Throwing an error aborts recovery, and worse means that manual
intervention will be needed to get the database to start again,
since otherwise the same error will recur on subsequent attempts to
replay the same WAL record. And the consequence of failing to
remove the directories is only that some probably-small amount of
disk space is wasted, so it hardly seems justified to throw an
error. Accordingly, arrange to report such failures as LOG messages
and keep going when a failure occurs during replay. Back-patch to
9.0 where Hot Standby was introduced. In principle such problems
can occur in earlier releases, but Hot Standby increases the odds of
trouble significantly. Given the lack of field reports of such
issues, I’m satisfied with patching back as far as the patch applies
– Fix postmaster to attempt restart after a hot-standby crash. The
postmaster was coded to treat any unexpected exit of the startup
process (i.e., the WAL replay process) as a catastrophic crash, and
not try to restart it. This was OK so long as the startup process
could not have any sibling postmaster children. However, if a
hot-standby backend crashes, we SIGQUIT the startup process along
with everything else, and the resulting exit is hardly “unexpected”.

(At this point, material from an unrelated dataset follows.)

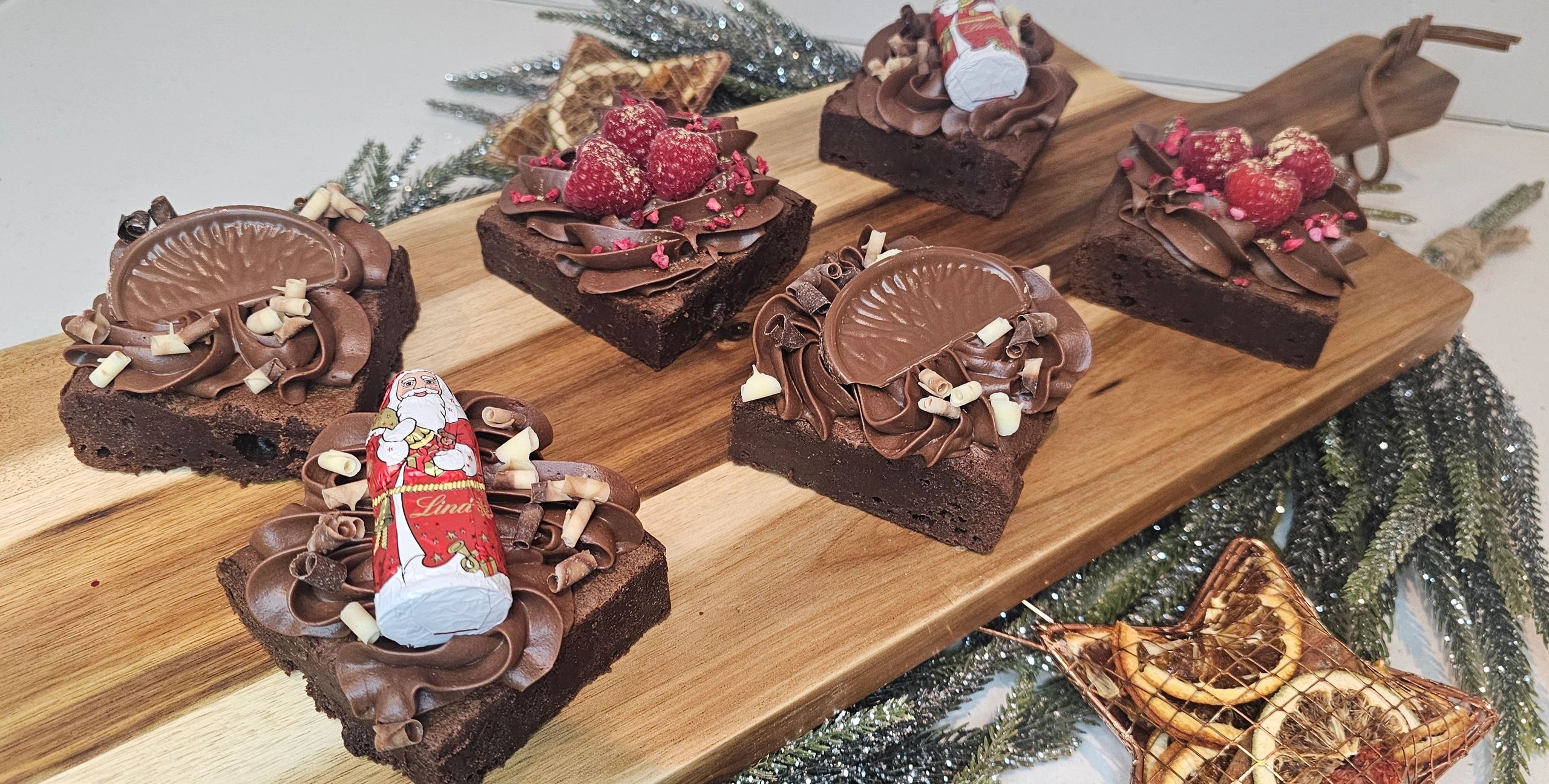 Three rich and fudgy chocolate brownies, decorated with a thick chocolate ganache swirl. The two outer brownies are finished with a chocolate Santa, with the central brownie adorning a golden acrylic 'Merry Christmas' disc presented in a luxurious clear gift box.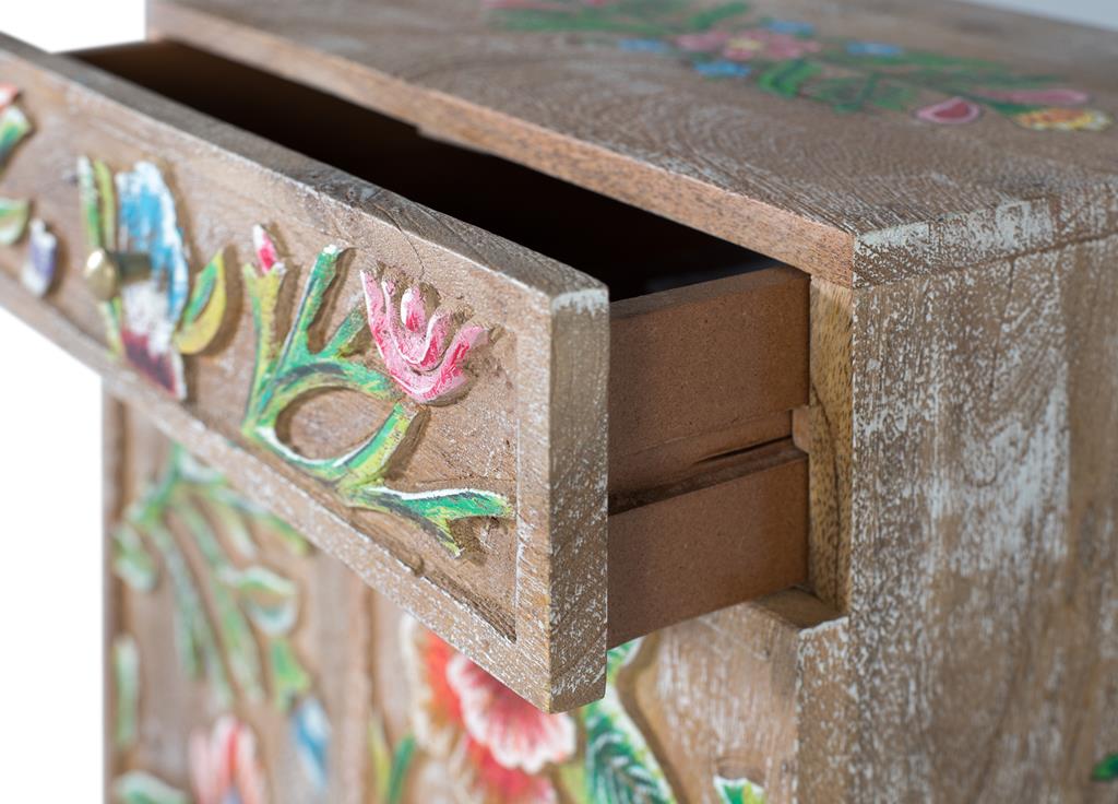 Mueble decorativo fabricado en madera de mango con acabado envejecido. Presenta un diseño floral tallado y pintado a mano en colores vivos, ideal para añadir un toque artesanal y colorido a cualquier espacio. Cuenta con un cajón funcional, perfecto como mesita de noche o mueble auxiliar en el salón o recibidor.

Treating it as such meant we failed to restart a standby server
after any child crash at all, not only a crash of the WAL replay
process as intended. Adjust that. Back-patch to 9.0 where hot
standby was introduced.
– Mark some more I/O-conversion-invoking functions as stable not
volatile. When written, textanycat, anytextcat, quote_literal, and
quote_nullable were marked volatile, because they could invoke
arbitrary type-specific output functions as part of casting their
anyelement arguments to text. Since then, we have defined a project
policy that I/O functions must not be volatile, as per commit
aab353a60b95aadc00f81da0c6d99bde696c4b75. So these functions can
safely be downgraded to stable. Most of the time this makes no
difference since they’ll get inlined anyway, but as noted by Andrew
Dunstan, there are cases where the volatile marking prevents
optimizations that the planner does before function inlining. (I
think I might have overlooked these functions in the earlier commit
on the grounds that inlining would make it moot, but not so — tgl)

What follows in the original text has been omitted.